- Born: 24 May 1879 Conwy, Wales
- Died: 26 August 1967 (aged 88)
- Awards: IEEE Medal of Honor (1939)
- Scientific career
- Fields: Electrical engineering

= Albert G. Lee =

British radio pioneer

Lieutenant Colonel Sir Albert George Lee MC (24 May 1879 – 26 August 1967) was a British radio pioneer.

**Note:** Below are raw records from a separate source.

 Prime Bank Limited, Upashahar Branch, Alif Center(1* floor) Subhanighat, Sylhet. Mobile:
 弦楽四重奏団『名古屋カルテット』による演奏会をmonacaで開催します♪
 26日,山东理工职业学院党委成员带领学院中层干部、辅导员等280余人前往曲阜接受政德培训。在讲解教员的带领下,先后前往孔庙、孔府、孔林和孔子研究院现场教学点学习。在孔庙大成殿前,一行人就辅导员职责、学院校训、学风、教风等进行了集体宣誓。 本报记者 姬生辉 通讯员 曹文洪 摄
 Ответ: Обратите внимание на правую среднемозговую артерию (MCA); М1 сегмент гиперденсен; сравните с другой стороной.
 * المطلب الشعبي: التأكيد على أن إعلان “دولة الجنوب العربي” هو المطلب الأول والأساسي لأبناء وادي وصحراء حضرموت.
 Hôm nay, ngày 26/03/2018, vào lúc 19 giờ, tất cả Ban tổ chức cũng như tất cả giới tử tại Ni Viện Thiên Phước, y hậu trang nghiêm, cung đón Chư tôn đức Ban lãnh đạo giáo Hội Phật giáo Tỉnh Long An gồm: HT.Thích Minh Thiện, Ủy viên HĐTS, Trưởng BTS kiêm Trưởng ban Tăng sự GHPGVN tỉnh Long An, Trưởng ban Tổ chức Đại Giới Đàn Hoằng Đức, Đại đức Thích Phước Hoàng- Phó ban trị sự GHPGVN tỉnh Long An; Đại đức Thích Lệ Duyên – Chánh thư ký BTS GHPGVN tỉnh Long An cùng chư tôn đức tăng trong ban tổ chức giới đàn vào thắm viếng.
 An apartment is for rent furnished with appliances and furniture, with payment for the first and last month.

Lee was born in Conwy, Wales, and in 1903 entered the General Post Office Engineering Service, where he designed and tested submarine and other cables. In World War I he served in the Royal Engineers (Signal Service) commanding a telegraph construction company, and later was Officer-in-Charge, General Headquarters Signal Area. In 1920 Lee became involved with radios, and soon became Staff Engineer in charge of the radio section of the General Post Office. He was associated with the development of a coupled circuit arc, the Rugby, Warwickshire high-power station, and the transatlantic telephone and shortwave telephone service.

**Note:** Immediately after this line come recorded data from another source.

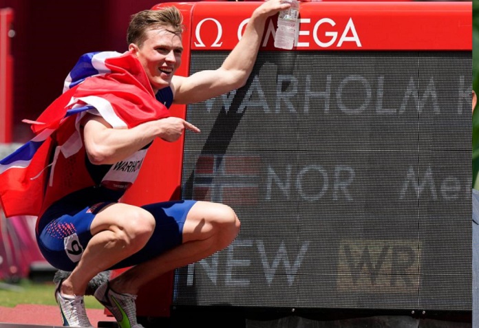 Trong màn lên ngôi của các kỷ lục trong môn điền kinh có vai trò đáng kể của cuộc chiến vật chất trong ngành sản xuất đồ thể thao. Đối với cú chạy tuyệt vời, đôi giầy của Warholm tỏ ra cực kỳ hữu ích. Hãng trang bị đồ thể thao Puma đã kết hợp với các kỹ sư của cuộc đua công thức 1 của Mercedes để phát triển một loại đinh-công nghệ cao. Phần nguyên liệu bên cho phần trên được làm bằng sợi carbon, phần đế cũng là một miếng carbon có thể uốn cong và ngay lập tức trở về hình dáng. "Loại giày này giúp tôi giữ được sức bền lâu hơn để dồn vào cú bung sức ở 100 mét cuối cùng", Warholm đã nói về hiệu ứng này của đôi giầy. Bên cạnh Warholm còn có Andre De Grasse, vận động viên cự ly tốc độ người Canada, sử dụng loại giầy này.
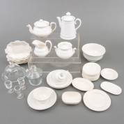Aardewerk kinderserviesgedeelte, uitvoering Petrus Regout, porseleinen kinderkoffiepot en glazen kinderserviesdelen -gebruikssporen-, hoogte koffiepot 12,5 cm
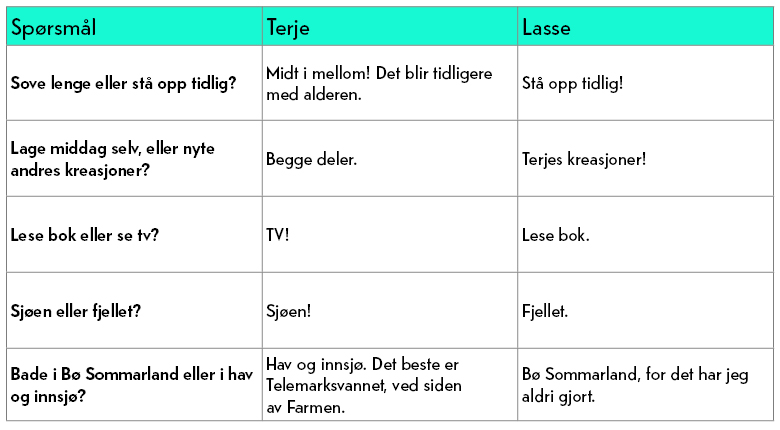 Begge programlederne har erfaring innenfor matyrket. Terje, vinner av Masterchef Norge og Camp Kulinaris, og Lasse, som er utdannet kokk, gleder seg til å utforske matkulturen i Telemark og er spesielt spent på råvaretradisjonene i regionen. "Å få tilgang til et kjøkken og noen gode råvarer så vi kan diske opp med forskjellige lokale retter. Det er sånne ting som jeg elsker og håper vi får til" drømmer Terje, mens Lasse helst vil få maten servert. "Kanskje jeg til og med kan lage og Lasse nyte en god frokost på Gaustatoppen. Tenk det? Stå der, på toppen av Norge med nystekt bacon og nyte utsikten".

Lee was a member of the Institution of Electrical Engineers, and chaired its Wireless Section from 1927 to 1928. He was elected a Fellow of the Institute of Radio Engineers in 1929, knighted in the 1937 New Year Honours and awarded the IRE Medal of Honor in 1939 "for his accomplishments in promoting international radio services and in fostering advances in the art and science of radio communication."